| DATASET EXCERPTS |
******
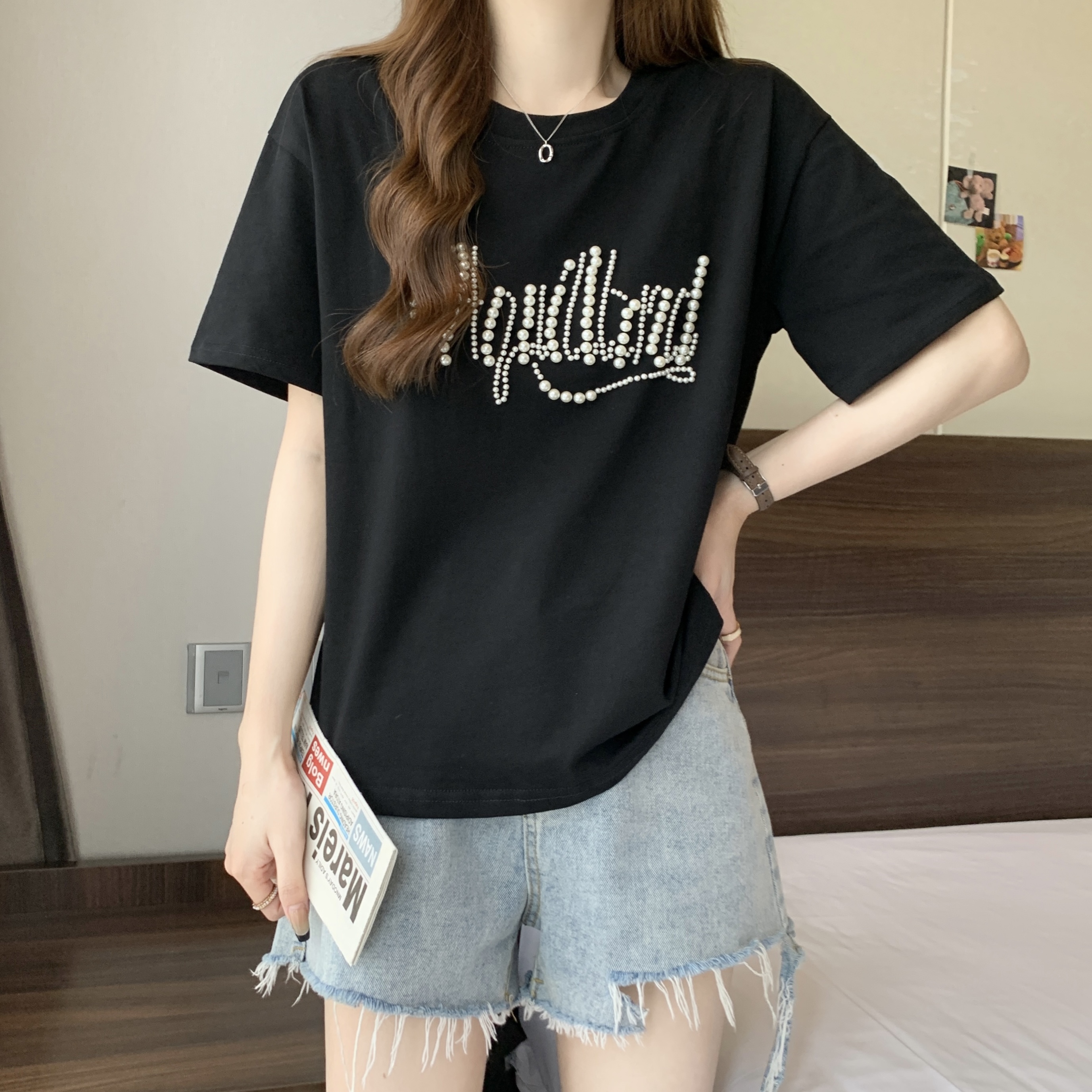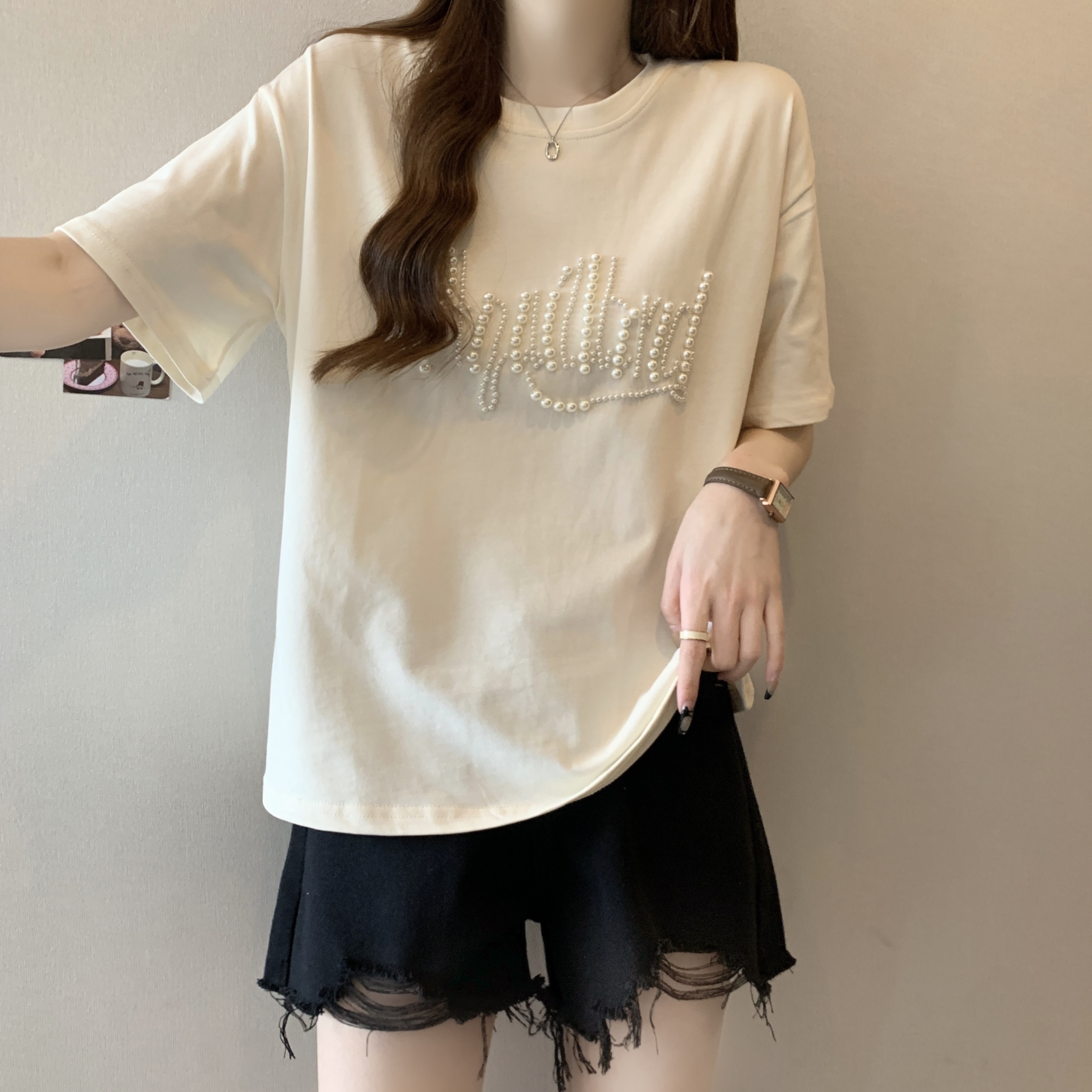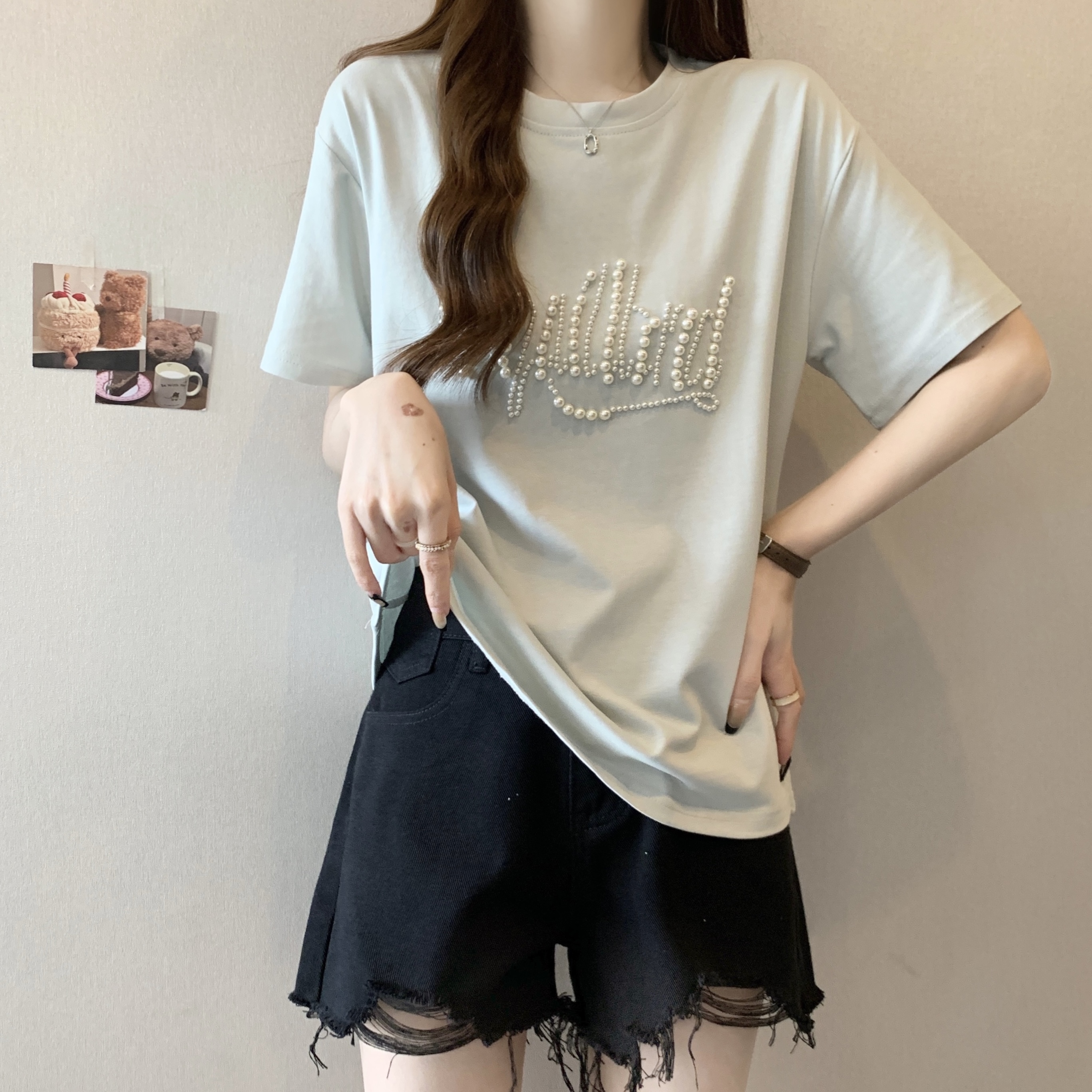 PF625#大码胖MM短袖T女夏 重工钉珠设计感宽松百搭洋气上衣
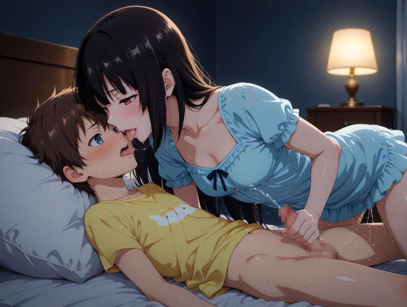 疲れ切って寝落ちするまで何度も絞られたショタ君でした。
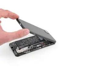 После того как вы отрежете клей по периметру телефона, аккуратно приподнимите правый край экрана, откройте телефон как книгу.
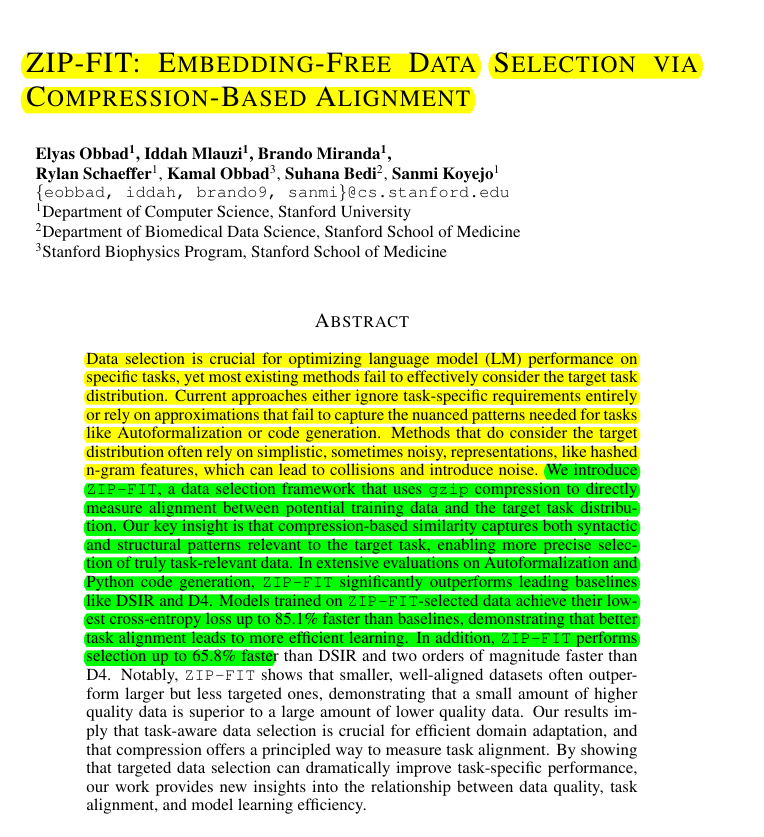 • Introduces ZIP-FIT: A framework using gzip compression to measure alignment between training data and target task
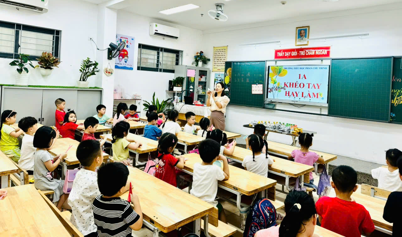 Nhiều con vì quá bỡ ngỡ nên trong giai đoạn đầu còn sợ đi học, hay khóc nhè, chưa kết nối với bạn bè. Nhưng điều này đặc biệt không xuất hiện ở lớp 1A trường Tiểu học Phan Chu Trinh, năm học 2024-2025, “tổ chim nhỏ” được dìu dắt bởi cô giáo chủ nhiệm Ma Thị Ngọc Anh.
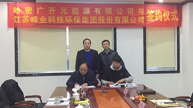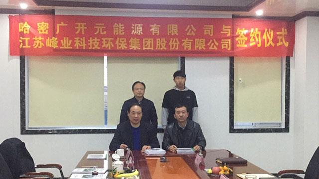 2018年11月23日,新疆哈密广开元能源有限公司与我公司(江苏峰业科技环保集团股份有限公司)在乌鲁木齐新疆广开元公司总部举行了广开元10万吨/年(一期)工业硅项目炉后、炉前环保岛、脱硫废水、生活废水EPC工程的设计、采购(制造)及安装(施工)合同签约仪式,EPC总承包价格4.1188亿元人民币。
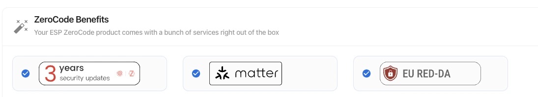 - 针对 ESP-ZeroCode 平台及所选 SoC / 连接方式预填充的合规内容
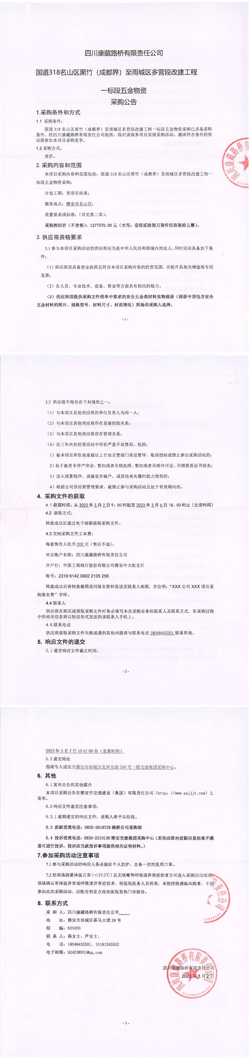 四川康藏路橋有限責(zé)任公司國(guó)道318名山區(qū)黑竹(成都界)至雨城區(qū)多營(yíng)段改建工程一標(biāo)段五金物資采購(gòu)公告
******
| WHAT THE TASK ASKS |
Starting with the line that has "and target task" and ending with the line that has "2018年11月23日,新疆", repeat the lines above exactly, omitting every picture.

| EXERCISE RESPONSE |
 • Introduces ZIP-FIT: A framework using gzip compression to measure alignment between training data and target task
 Nhiều con vì quá bỡ ngỡ nên trong giai đoạn đầu còn sợ đi học, hay khóc nhè, chưa kết nối với bạn bè. Nhưng điều này đặc biệt không xuất hiện ở lớp 1A trường Tiểu học Phan Chu Trinh, năm học 2024-2025, “tổ chim nhỏ” được dìu dắt bởi cô giáo chủ nhiệm Ma Thị Ngọc Anh.
 2018年11月23日,新疆哈密广开元能源有限公司与我公司(江苏峰业科技环保集团股份有限公司)在乌鲁木齐新疆广开元公司总部举行了广开元10万吨/年(一期)工业硅项目炉后、炉前环保岛、脱硫废水、生活废水EPC工程的设计、采购(制造)及安装(施工)合同签约仪式,EPC总承包价格4.1188亿元人民币。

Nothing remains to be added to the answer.